# TASK BRIEF
None of the pictures should appear; the lines from the line containing "Beyond Theorems: A" through the last line of the listing must be repeated exactly.

# GIVEN MATERIAL
__________
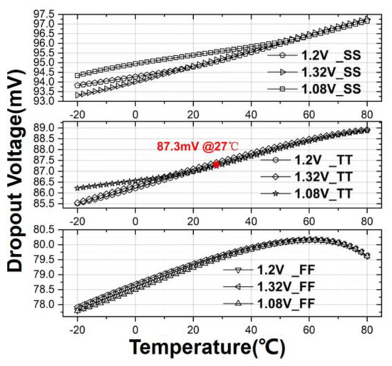 Besides, different simulations are conducted to observe the dropout voltage under three process corners, 1.2 V ± 10% on VDD and different operation temperatures in Figure 11. The results have indicated 87.3 mV under the TT corner at 27 °C, 95.2 mV under the SS corner at 27 °C, and 79.5 mV under the FF corner at 27 °C. The dropout voltage has been observed to be almost invariant to the change of supply voltage; a few mV shifts across the entire operation temperature range and about a few mV change over extreme process corners. This led to the total change of +9.9 mV/−9.5 mV under the extreme PVT case consideration. The result has confirmed that the dropout voltage exhibits good immunity against the combined PVT effect.
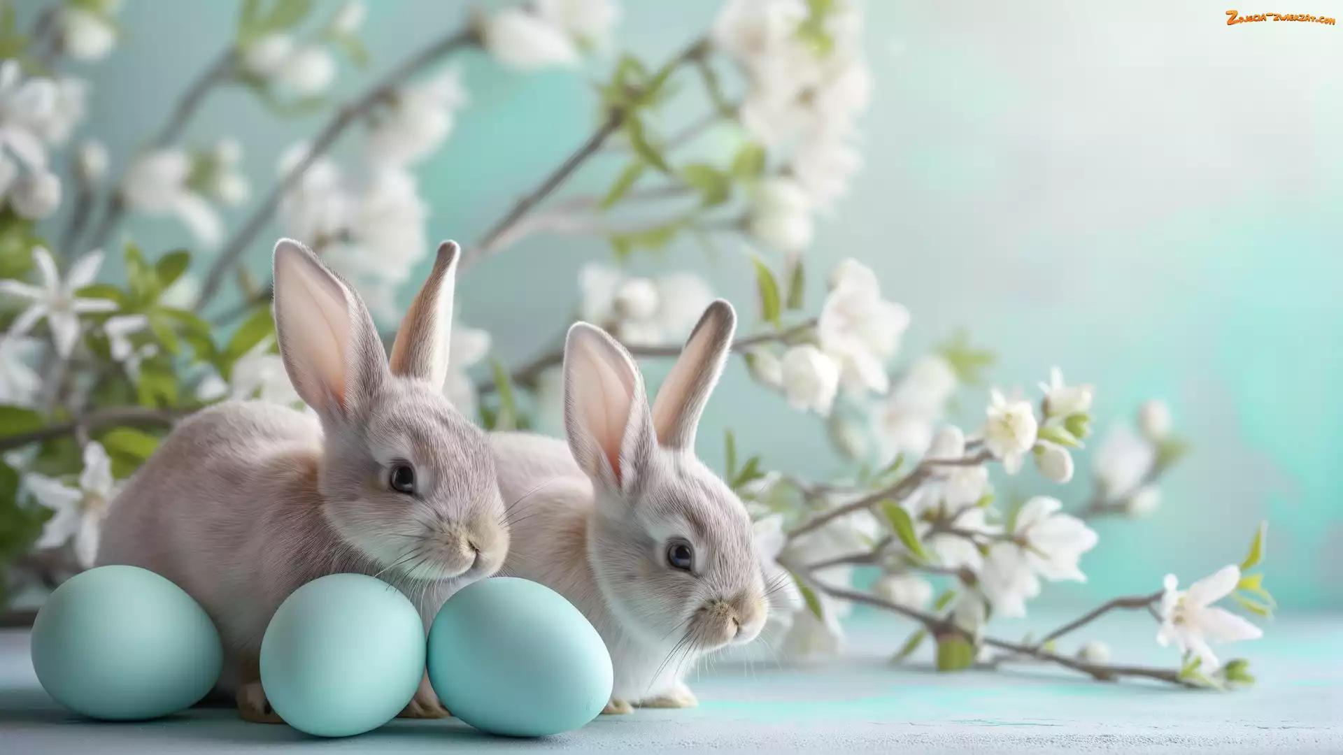 Zdjęcie: Kwiaty, Króliki, Wielkanoc, Dwa, Pisanki, Gałązki
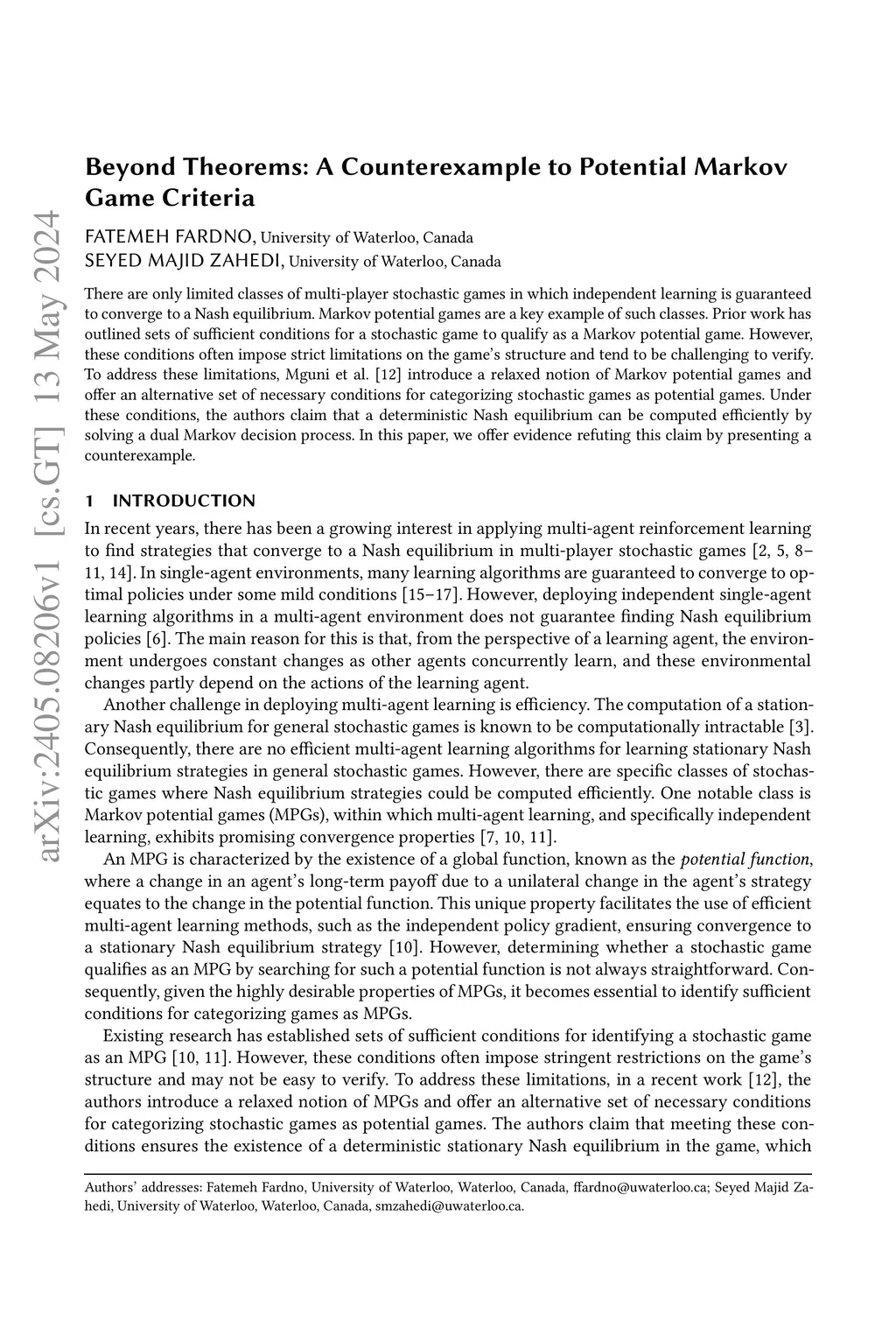Beyond Theorems: A Counterexample to Potential Markov Game Criteria
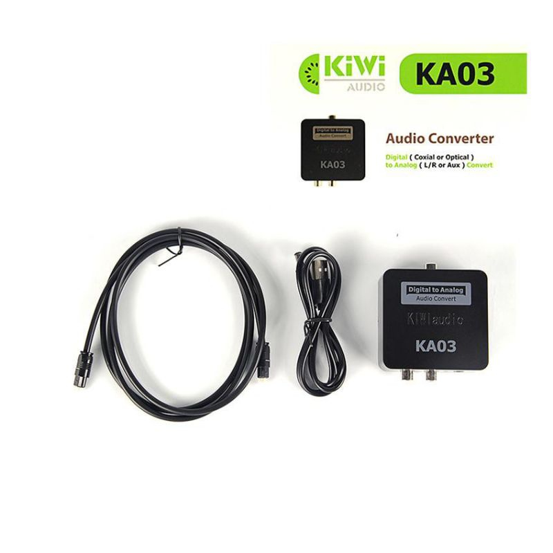 - Thiết kế của Bộ chuyển quang âm thanh KA 03 Bộ chuyển quang âm thanh TV 4K quang optical sang audio AV ra amply + Cáp optical Kiwi KA03 thiết kế khá nhỏ gọn với màu đen đặc trưng được in chìm thương hiệu Kiwi ngay trên mặt sản phẩm, kết nối 2 đầu để chuyển đổi âm thanh từ Coxial/Optical sang Analog Đầu vào Input: có cổng Coaxial, OptIcal cùng cổng cắm nguồn 5V hỗ trợ cắm với các thiết bị như Smart TV, Android TV Boxx Đầu ra Output có các cổng: Stereo, Cổng 3.5mm hỗ trợ cắm với dàn loa, amply đời cũ Cạnh trái bao gồm các cổng lần lượt cổng cắm nguồn, cổng vào coaxial Cạnh phải của bộ chuyển đổi âm thanh gồm các cổng Jack ra 3.5, đèn báo tín hiệu và tín hiệu ra kênh L+R
__________
# EXERCISE OUTPUT
Beyond Theorems: A Counterexample to Potential Markov Game Criteria
 - Thiết kế của Bộ chuyển quang âm thanh KA 03 Bộ chuyển quang âm thanh TV 4K quang optical sang audio AV ra amply + Cáp optical Kiwi KA03 thiết kế khá nhỏ gọn với màu đen đặc trưng được in chìm thương hiệu Kiwi ngay trên mặt sản phẩm, kết nối 2 đầu để chuyển đổi âm thanh từ Coxial/Optical sang Analog Đầu vào Input: có cổng Coaxial, OptIcal cùng cổng cắm nguồn 5V hỗ trợ cắm với các thiết bị như Smart TV, Android TV Boxx Đầu ra Output có các cổng: Stereo, Cổng 3.5mm hỗ trợ cắm với dàn loa, amply đời cũ Cạnh trái bao gồm các cổng lần lượt cổng cắm nguồn, cổng vào coaxial Cạnh phải của bộ chuyển đổi âm thanh gồm các cổng Jack ra 3.5, đèn báo tín hiệu và tín hiệu ra kênh L+R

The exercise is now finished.